• Task prompt: Please restate exactly the lines from the one holding "ベル&ロスがダイバーズを手掛" to the end of the material, including both ends and excluding every picture.

• The data:
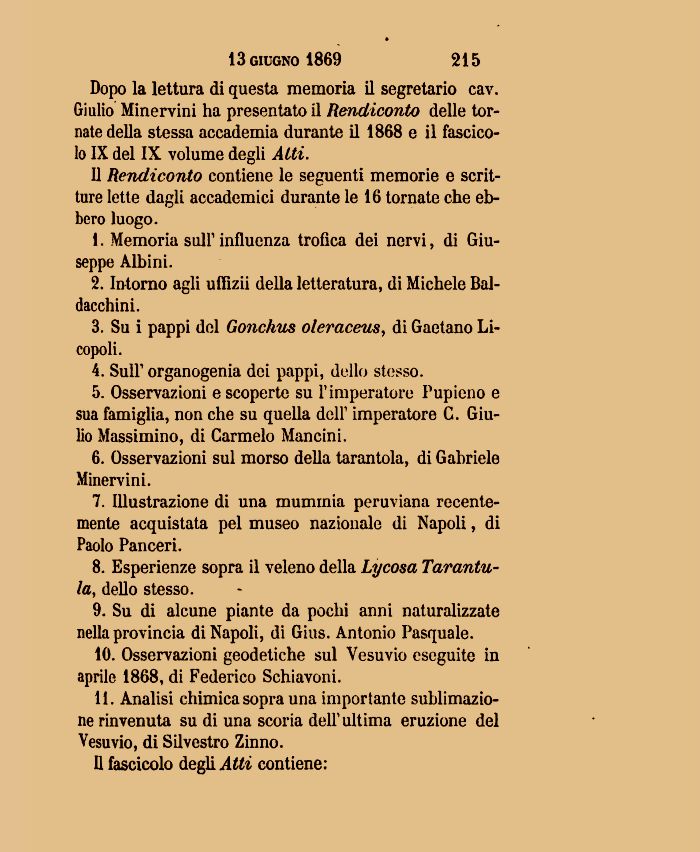 Dopo la lettura di questa memoria il segretario cav. Giulio Minervini ha presentato il Rendiconto delle tornate della stessa accademia durante il 1868 e il fascicolo IX del IX volume degli Atti.
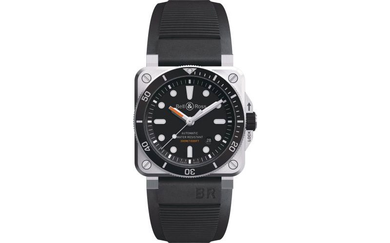 ベル&ロスがダイバーズを手掛けると? の解になった今作。珍しいクッション型でありながら、逆回転防止ベゼルや視認性の高さ、防水性能の高さなど水中環境に適応した機能を備えており、プロダイバーからも信頼を得ている。ケース径42mm、自動巻き、300m防水。
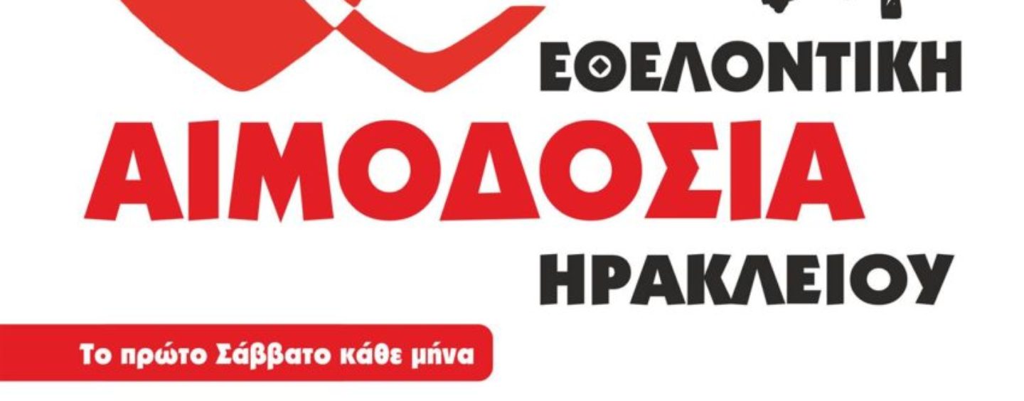 Εθελοντική Αιμοδοσία θα πραγματοποιηθεί το Σάββατο 3 Φεβρουαρίου στο κέντρο της πόλης της του Ηρακλείου (στο Αίθριο της Λότζια) και ώρες 10:00 – 13:30...

• Solution:
 ベル&ロスがダイバーズを手掛けると? の解になった今作。珍しいクッション型でありながら、逆回転防止ベゼルや視認性の高さ、防水性能の高さなど水中環境に適応した機能を備えており、プロダイバーからも信頼を得ている。ケース径42mm、自動巻き、300m防水。
 Εθελοντική Αιμοδοσία θα πραγματοποιηθεί το Σάββατο 3 Φεβρουαρίου στο κέντρο της πόλης της του Ηρακλείου (στο Αίθριο της Λότζια) και ώρες 10:00 – 13:30...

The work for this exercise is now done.